Haro sur la grippe aviaire
Depuis l’annonce de la
découverte de virus H5N1 en Egypte, l’état d’alerte a été déclaré dans tous les
gouvernorats. Un comité national de lutte contre la grippe aviaire a été formé
de représentants des ministères concernés ainsi que de spécialistes. Il avait
le rôle de lutter contre cette épidémie. Plusieurs mesures ont été prises :
abattre toutes les volailles se trouvant à proximité des zones où ont été
trouvés des échantillons de tests positifs, l’arrêt de la vente et le transport
des oiseaux d’intérieur et la fermeture de tous les magasins de vente des
volatiles. Les mesures d’abattage, les restrictions prises par les autorités et
la peur des consommateurs ont d’ores et déjà provoqué de pertes quotidiennes de
10 millions de livres égyptiennes. Aussi plusieurs activités ont été affectées
par le virus et des milliers ont perdu leur gagne-pain. Ainsi les éleveurs et
commerçants ont manifesté devant l’Asssemblée du peuple pour demander au
gouvernement de leur trouver une solution. Celui-ci a promis des indemnisations
tout en appelant les médias à assumer leur responsabilité dans la
sensibilisation.
Le grand retour de Maximos
En juillet 2006, le prêtre
dissident Maximos Ier, alias Max Michel, a annoncé la fondation de sa propre
église. Ses problèmes avec l’église mère datent de plusieurs décennies. Alors
qu’il faisait des études de théologie dans l’école du clergé, ses critiques
ininterrompues contre la hiérarchie ecclésiastique, lui ont valu l’interdiction
de prêcher parmi les fidèles. Lorsque les pressions se sont accentuées, il a
décidé de se tourner vers une autre église orthodoxe susceptible de lui donner
plus de liberté. Après des années passées aux Etats-Unis, il a ressurgi avec sa
nouvelle congrégation « parallèle » à l’église copte.

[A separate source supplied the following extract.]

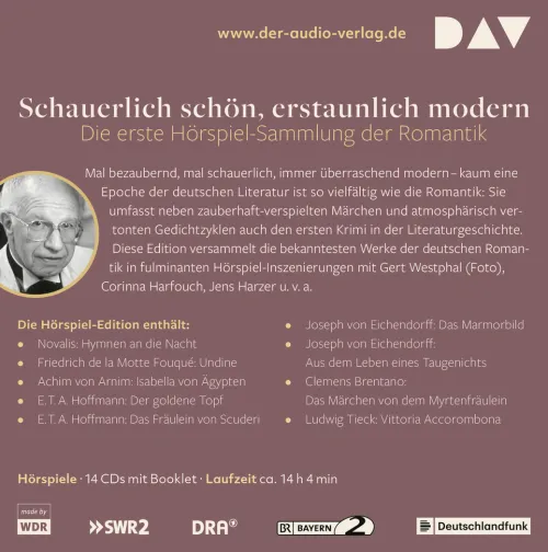Mal zauberhaft, mal schauerlich, immer überraschend modern – kaum eine Epoche der deutschen Literatur ist so vielfältig wie die Romantik. Es entstanden sowohl die ersten Detektivgeschichten als auch viele der schönsten Märchen. Die Beschäftigung mit solch scheinbar gegensätzlichen Themen ist der Kern dieser Epoche: Romantische Schriftsteller suchten das Einzigartige im Geläufigen; das Mystische im Alltäglichen; das Bezaubernde im Schauerlichen. Diese Hörspiel-Edition bietet einen Einblick in das Schaffen der bekanntesten deutschen Romantiker: zauberhaft-verspielte Märchen, spannende Mordfälle und atmosphärisch vertonte Gedichtzyklen. Die Box enthält: Achim von Arnim: Isabella von Ägypten, WDR 1990 Clemens Brentano: Das Märchen vom Myrtenfräulein, Rundfunk der DDR 1985 Joseph von Eichendorff: Aus dem Leben eines Taugenichts, BR 1957 Joseph von Eichendorff: Das Marmorbild, SWF 1953 Friedrich de la Motte Fouqué: Undine, Rundfunk der DDR 1980 E. T. A. Hoffmann: Das Fräulein von Scuderi, SWR 2001 E. T. A. Hoffmann: Der goldene Topf, Rundfunk der DDR 1979 Novalis: Hymnen an die Nacht, Deutschlandfunk 2008Ludwig Tieck: Vittoria Accorombona, WDR 1964Hörspiel mit Gert Westphal, Corinna Harfouch, Jens Harzer14 CDs | ca. 14 h 4 min CD Standard Audio Format.
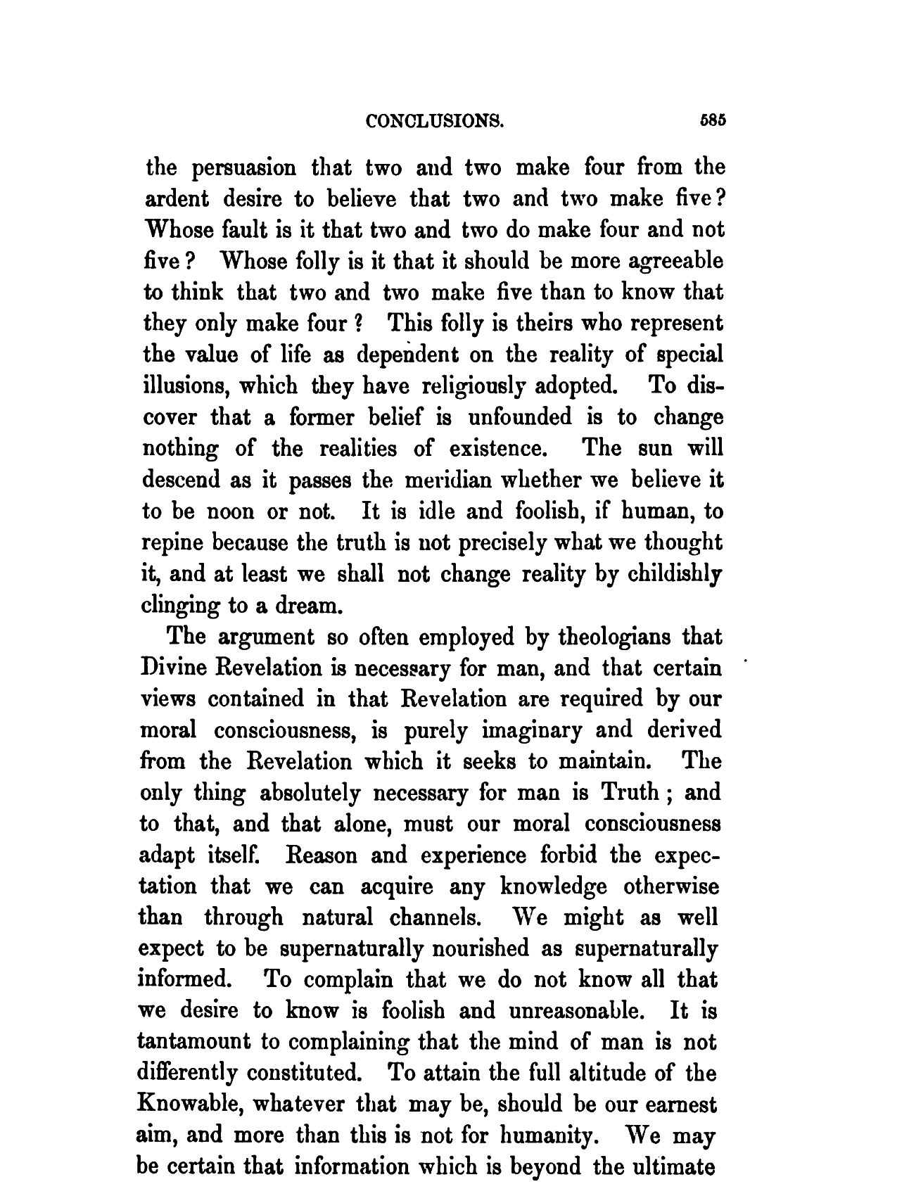 The argument so often employed by theologians that Divine Revelation is necessary for man, and that certain views contained in that Revelation are required by our moral consciousness, is purely imaginary and derived from the Revelation which it seeks to maintain. The only thing absolutely necessary for man is Truth; and to that, and that alone, must our moral consciousness adapt itself. Reason and experience forbid the expectation that we can acquire any knowledge otherwise than through natural channels. We might as well expect to be supernaturally nourished as supernaturally informed. To complain that we do not know all that we desire to know is foolish and unreasonable. It is tantamount to complaining that the mind of man is not differently constituted. To attain the full altitude of the Knowable, whatever that may be, should be our earnest aim, and more than this is not for humanity. We may be certain that information which is beyond the ultimate

Si Maximos et sa pensée ont été
refusés par les milieux coptes, son affaire a ouvert le débat sur la
démocratisation de l’église de sorte à tolérer les différences. Pas question
pour le moment .
Confessions à couteaux tirés
Le mois d’avril a témoigné d’un
triple attentat à l’arme blanche contre les fidèles de trois églises
d’Alexandrie. Bilan, un mort et cinq blessés. Le criminel, un « déséquilibré
mental » selon la police, est âgé de 25 ans. Il a fait irruption dans trois
églises, l’une à la suite de l’autre, avant d’être arrêté. Suite à cette
attaque des affrontements sanglants ont eu lieu entre coptes et musulmans dans
la ville, faisant un mort et de nombreux blessés. Ces événements ont fait
craindre le spectre du retour des affrontements des années 1970. Officiellement,
pourtant, l’affaire a été considérée comme un acte insignifiant et isolé, qui
plus est, l’œuvre d’un « déséquilibré mental » .
Le scoop présidentiel
Sous le soleil brûlant d’un jour
d’été, des dizaines de journalistes défilent dans les rues du centre-ville en
direction du syndicat. Toujours pancartes à la main et aux cris : « Nous
voulons une presse libre ». Le Parlement est en train de débattre un nouveau
projet de loi sur la publication, stipulant la peine de prison pour les cas
d’atteinte à l’intégrité financière. Ce jour-là, 28 journaux se sont éclipsés
en signe de protestation contre l’adoption de la nouvelle loi qui n’est plus
qu’une affaire de temps. Coup de théâtre : le président Moubarak intervient et
demande l’annulation de l’article en question.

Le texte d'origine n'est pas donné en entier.